I’m not going to go into any deep analysis here, rather I’m going to tell you what I decided to do about bad bots on my website; I hope that this will be useful for you.
Project Honeypot
My first thought was to create a honeypot to trap them nasty bots. But then after a bit of searching, I came across Project Honeypot.
“Project Honey Pot is a distributed network of decoy web pages website administrators can include on their sites in order to gather information about robots, crawlers, and spiders.”
Basically, project honeypot maintains a list of IP addresses that are being used maliciously. They gather this list through a network of participating web masters (like you!) who host honeypots on their behalf. A honeypot here is simply a one page script.
Additionally, project honeypot allows you to make use of this data through their HTTP Blacklist service.
Multiple layers of defence
Every good security consultant knows that security should consist of multiple layers of controls. The following took me about 20 minutes to set up on a Wordpress blog.
If you use wordpress, you should already be using Akismet to shield your blog from the simplest, stupidest of comment spammers. If not, I recommend you consider this first!
In the first instance, we’re going to setup a simple honeypot using project honeypot.
Then we will use a Wordpress plugin that implements project honeypot’s HTTP Blacklist. If it encounters a known bot, it blocks them and sends them off to the honeypot.
Our third layer is a combination of .htaccess rules, and a honeypot. We will use .htaccess as an additional control, filtering out realatively easy to spot bots, and sending them to our honeypot.

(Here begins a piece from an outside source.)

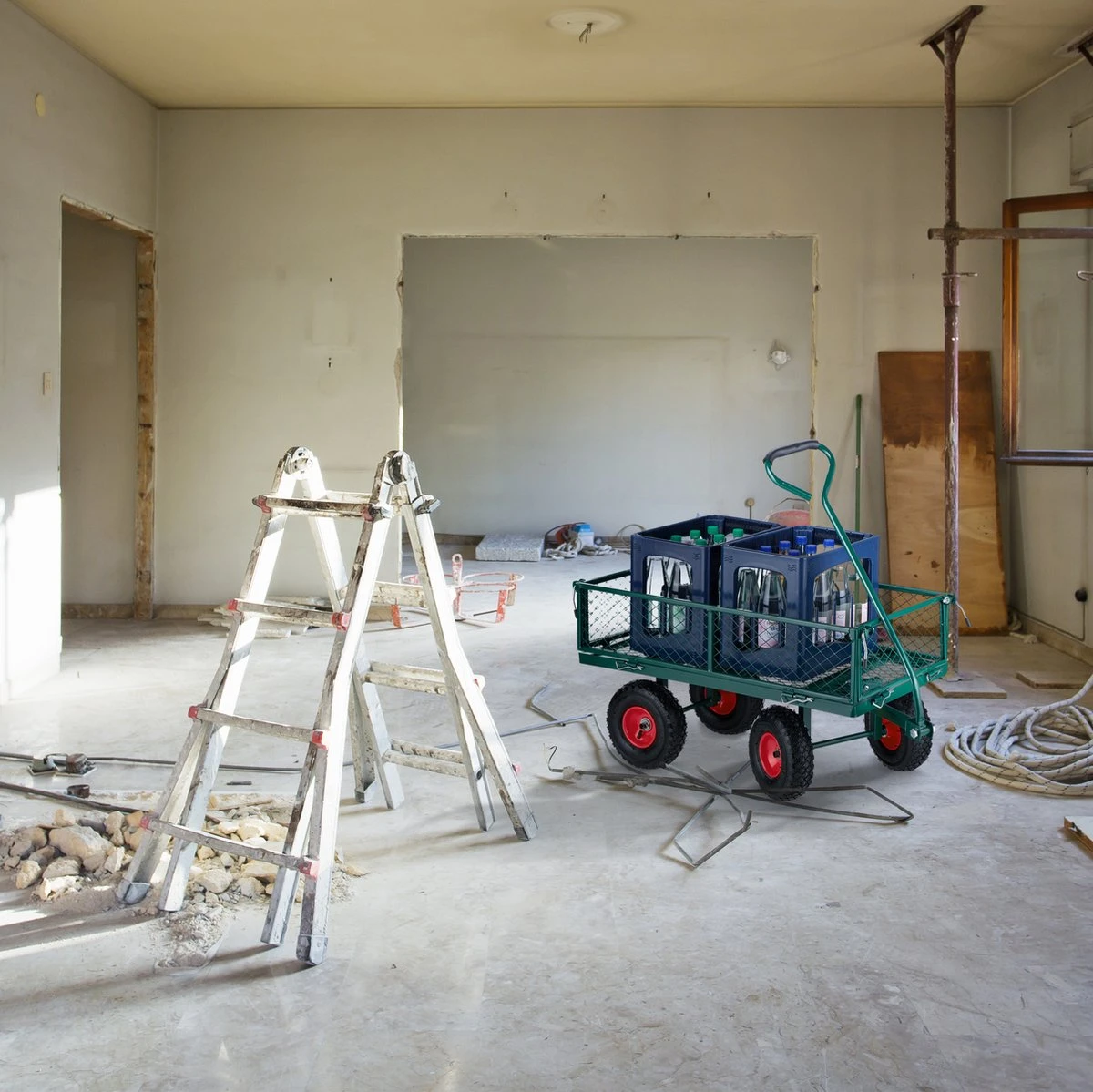 Avec cette charrette pratique, une charge est littéralement soulevée de vos épaules. Vous pouvez facilement transporter des caisses, des matériaux de construction pour les rénovations ou de la nourriture et des boissons pour les festivals. Comme la charrette à bras peut supporter un poids important, vous pouvez utiliser de manière optimale l’espace de chargement dans la charrette. Les 2 essieux et les pneumatiques profilés garantissent que vous pouvez également courir comme une voiture sur des surfaces inégales. Pour charger et décharger les articles, vous pouvez facilement rabattre ou retirer les 4 côtés du chariot à tirer.

First, set up your own honeypot
You don’t have to use project honeypot - there are alternative honeypots you could use instead, or you could write your own - but it’s very easy to setup; besides, you can always change it later if you’re not happy with it.
Go over to project honeypot and get your own honeypot (I used php), then save it in the home directory of your website.
Once you’ve uploaded the honeypot to your web server, go and edit your /robots.txt file and add a reference at the top: (yours won’t be called honeypot.php).
User-agent: *
Disallow: /honeypot.php
Next, Google up a 1 pixel gif, or get one from here, save it in your web root folder. This is going to be used instead of anchor text to link to your honeypot.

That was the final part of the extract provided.